One of my passions is the biological world around us. I grew up watching Steve Irwin explore rainforests and coral reefs all around the world, and have been in love with biology ever since. The Biology Foreign Study Program brings Dartmouth students to the tropics to conduct scientific research in the rainforests of Costa Rica and the coral reefs of the Cayman Islands. It was the most magical experience I have ever had and a dream come true. We have so much to learn from the natural world. Some of the most ingenious ideas have already been invented by nature, and all we as engineers have to do is look around to find them.
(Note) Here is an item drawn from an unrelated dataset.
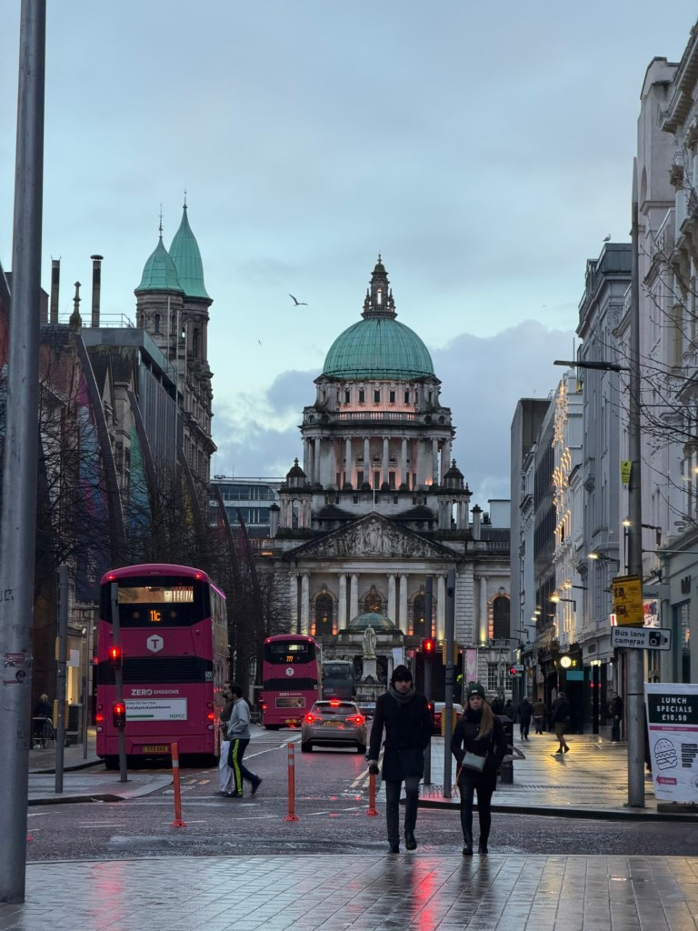 We wandered the city before stopping at White’s Tavern, the oldest pub in Belfast, a sprawling and historic pub with multiple rooms and a lively atmosphere. We found seats in an atrium area where live music was playing and stayed for a few songs and drinks.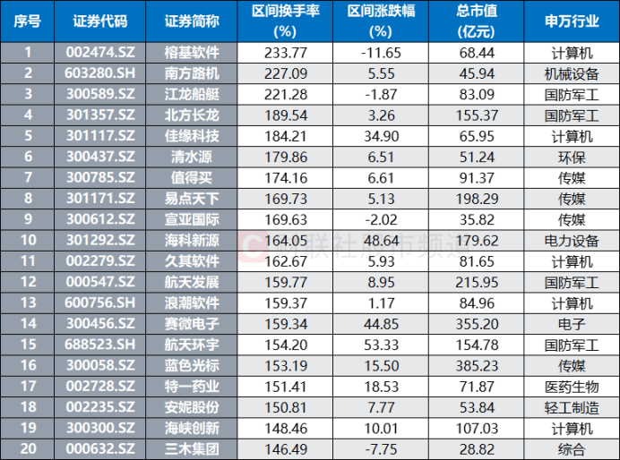 此外,从换手率数据上看,剔除新股影响,累计共有58股周换手率在100%以上。其中,榕基软件、南方路机、江龙船艇3股周换手率在2倍以上,分别达233.77%、227.09%、221.28%。同时,北方长龙、佳缘科技、清水源、值得买、易点天下、宣亚国际、海科新源、久其软件、航天发展、浪潮软件等股周换手率也居前。

Each week, we arrived in a new site and began asking questions about what we saw around us. We came back as a group and narrowed down our questions to a short list of the most interesting potential avenues of research. We then split up into small groups of 2-5 and conducted a week-long research project to try and answer our chosen question.
Each project had about 3 days of data collection in the field, which varied from quiet observation to grueling hypothermic hikes to sample species. After overcoming or sidestepping the inevitable roadblocks, we returned to the lab to analyze our data in JMP and R.
After analyzing the data, we drew conclusions and wrote a full-fledged scientific paper detailing our introductory framework, our methods, our results, and our conclusions. These papers were peer and faculty reviewed, then published in Dartmouth’s Biological Foreign Studies Journal.
The following abstracts are from each of the projects that I was a part of during the trip.
ANTLION CAPTURE EFFICIENCY, PIT MORPHOLOGY, AND SUBSTRATE TYPE
Abstract: There are two main ways that foraging efficiency can be optimized: minimizing time spent foraging or maximizing energy return from foraging. Antlions (Family Myrmeleontidae) are larval lacewings that capture prey in funnel-shaped pits of sand. This unique foraging strategy works to maximize returns from foraging, but it is less clear if it also minimizes energy expenditure. While previous studies suggest that larger body sizes allow antlions to capture larger prey, larger body size should also allow for shorter capture time. Previous studies have shown that antlions have a preference for finer-grained substrates, suggesting that capture time should be affected by substrate type as well. We conducted an observational study that measured and compared pit diameter and antlion body size in the field. We also conducted an experiment that tested the interaction of pit morphology, capture time, antlion size, and substrate type. We found that larger antlions formed pits with greater diameters and had lower capture times irrespective of the slope of the pit or substrate type. Our study raises new questions regarding the factors informing substrate preference and suggests that antlion foraging behavior also minimizes energy expenditure.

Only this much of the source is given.